The Adventure of a Lifetime Begins…

Now, I live in a tourist country, as many of you know. More so, I live in what is regarded as a tourist town, although out-of-season, the streets are rolled up at 5 PM. My favourite local destinations are Cape Town and closer to home, Wilderness and the Tsitsikamma. I’ve been to Durban and I spent the first nine years of my life in The City of Gold, and while it holds a nostalgic place in my heart, I’m not sure I would ever want to live there again. I’m a lover of small towns, with history or places that have trees. Cape Town has both characteristics, so that’s why it qualifies for me, despite being a city.

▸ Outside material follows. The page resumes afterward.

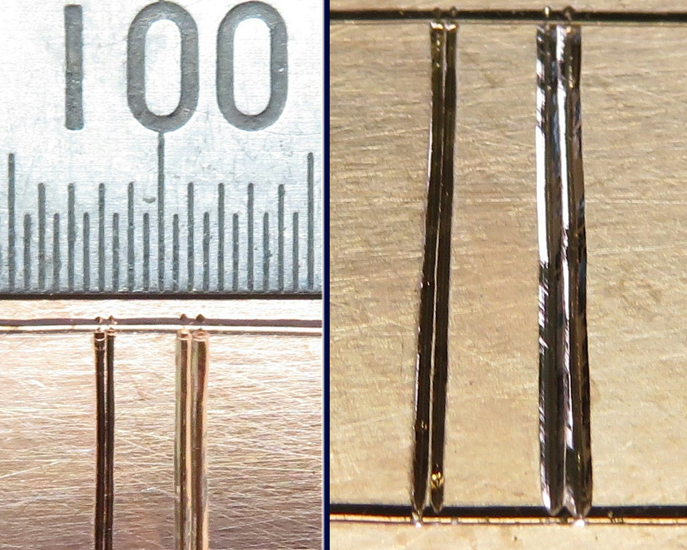 ミルグレイン・ミル打ち前の状態。ゲージは0.05mm刻みです。上から下までの距離は15mmです。

Carmen once told me “you either have a heart for Africa, or you don’t”. I thought it was a joke. Seriously! Yet, ever since I was 12, having learned about Cecil John Rhodes, David Livingstone, and Henry Morton Stanley in history, I’ve had a yearning to visit Victoria Falls. I finally realized, after a stint in hospital earlier this year following a major depressive episode, that it’s time to realize long-term dreams, and then dream some more, turning those dreams into goals, with a definable deadline.

I’m going to blog about the best experience of my life in parts, because a single post will not do it justice.

I had a lovely flight from George to Johannseburg on Mango, enjoying a Zulu Blonde, a beer brewed in Eshowe in Natal.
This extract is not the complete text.